Synthesis and characterization of nanocrystalline apatites from eggshells at different Ca/P ratios.

Nanocrystalline apatites with different Ca/P ratios were synthesized using eggshell as a calcium source by microwave processing. The apatites were found to have a minor amount of Mg, Sr, Si and Na ions inherited from the eggshells. The presence of several foreign ions results in a perturbed lattice structure indicated by an increase in lattice constants and shift in vibrational frequencies of the functional groups. The apatites were heat treated to investigate the influence of foreign ions on thermal stability. The minor amounts of ions do not affect the thermal stability. The differences in thermal behaviour of these apatites were due to the presence of HPO(2-)(4) ions only and not due to other ions because of their low content.

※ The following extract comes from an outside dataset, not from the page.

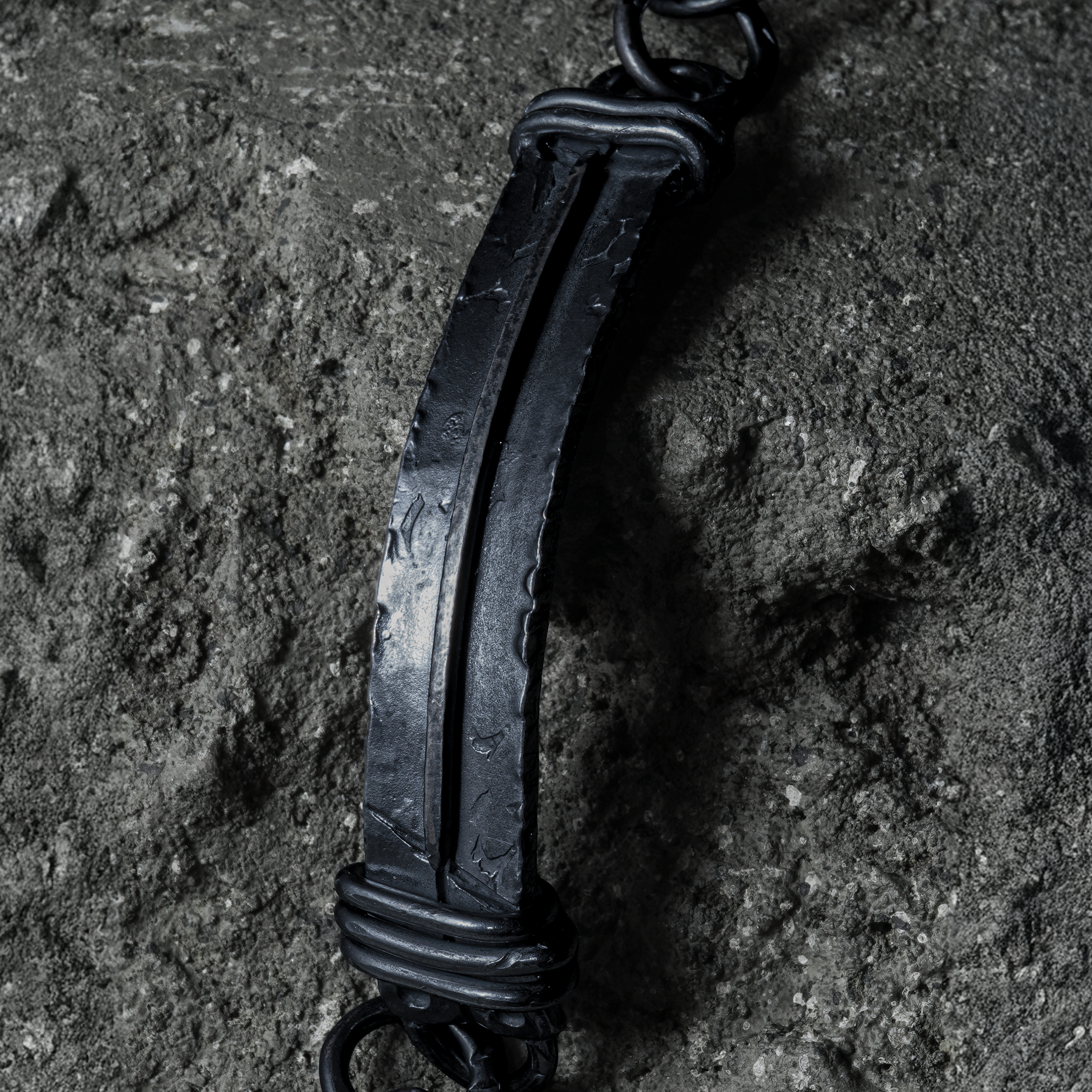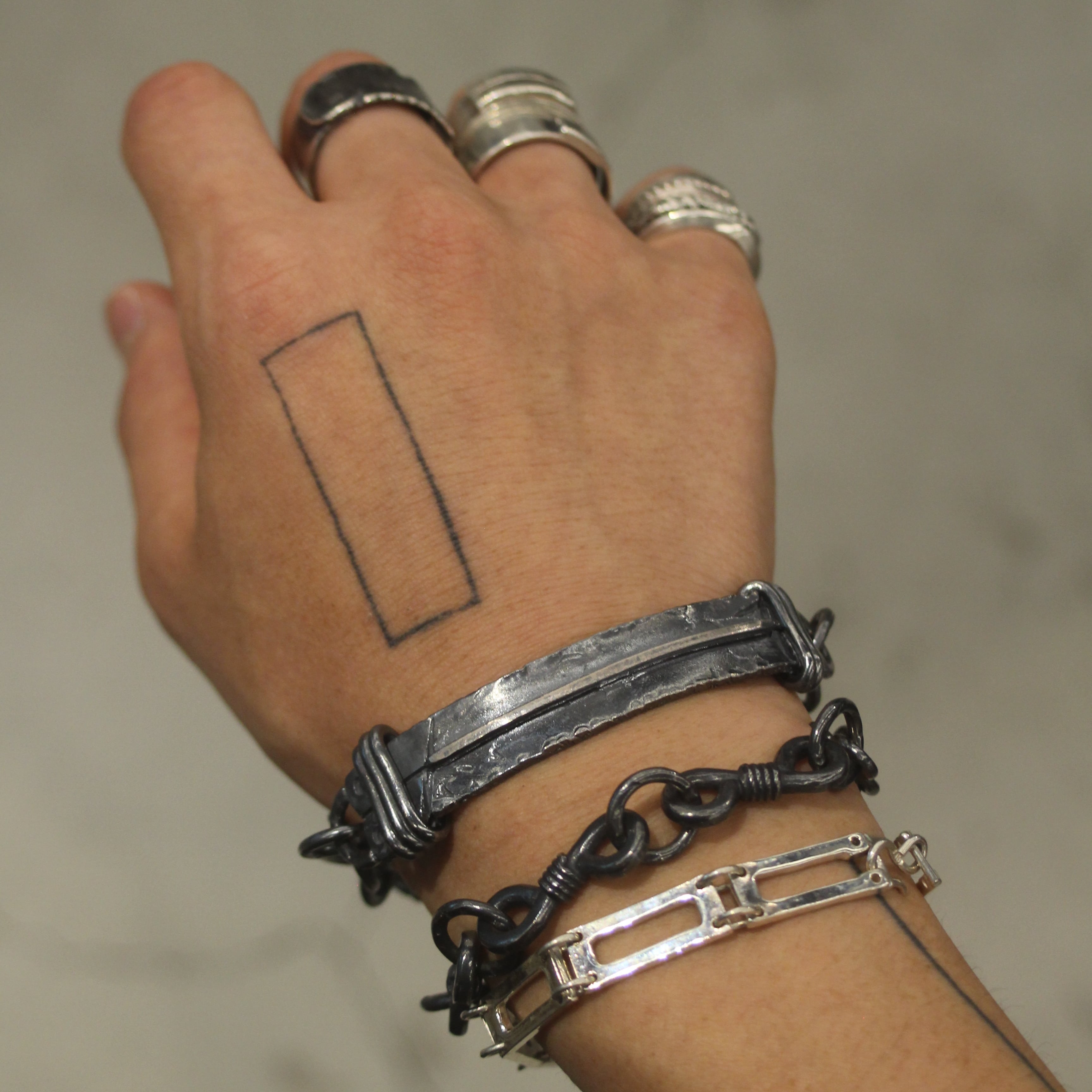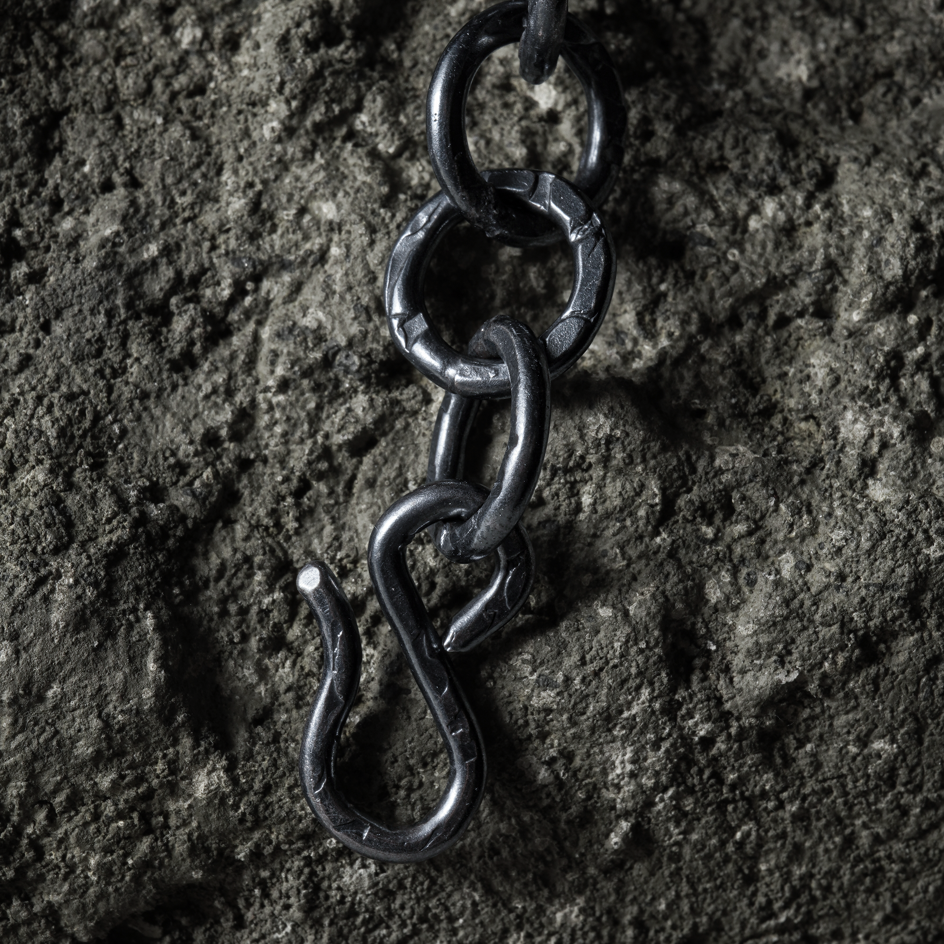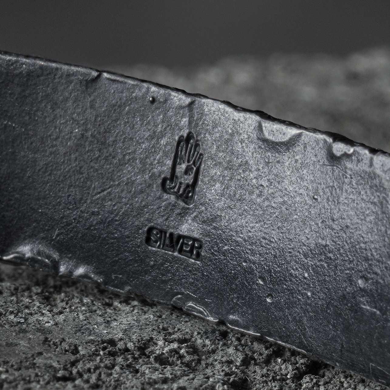 The marks of hammering and the shade of the smoke vary from piece to piece, and the more you wear it, the more the silver-specific aging process will appear, developing a one-of-a-kind look.

Role of biomineralization on the degradation of fine grained AZ31 magnesium alloy processed by groove pressing

Groove pressing (GP) has been successfully adopted to achieve fine grain size up to 7 μm in AZ31 magnesium alloy with an initial grain size of 55 μm. The effect of microstructural evolution and surface features on wettability, corrosion resistance, bioactivity and cell adhesion were investigated with an emphasis to study the influence of deposited phases when the samples were immersed in simulated body fluid (SBF 5×). The role of microstructure was also evaluated without any surface treatments or coatings on the material. GPed samples exhibit improved hydrophilicity compared to the annealed sample. After immersion in SBF, specimens were characterized using scanning electron microscopy (SEM), energy dispersive X-ray (EDAX) analysis and X-ray diffraction (XRD) methods. More amount of white precipitates composed of hydroxyapatite and magnesium phosphate along with magnesium hydroxide was observed on the surfaces of groove pressed specimens as compared to the annealed specimens with an increase in immersion time in SBF. Corrosion behavior of the samples estimated using potentiodynamic polarization curves indicate good corrosion resistance for GPed samples before and after immersion in SBF. The MTT assay using rat skeletal muscle (L6) cells revealed that both the processed and unprocessed samples are nontoxic and cell adhesion was promising for GPed sample.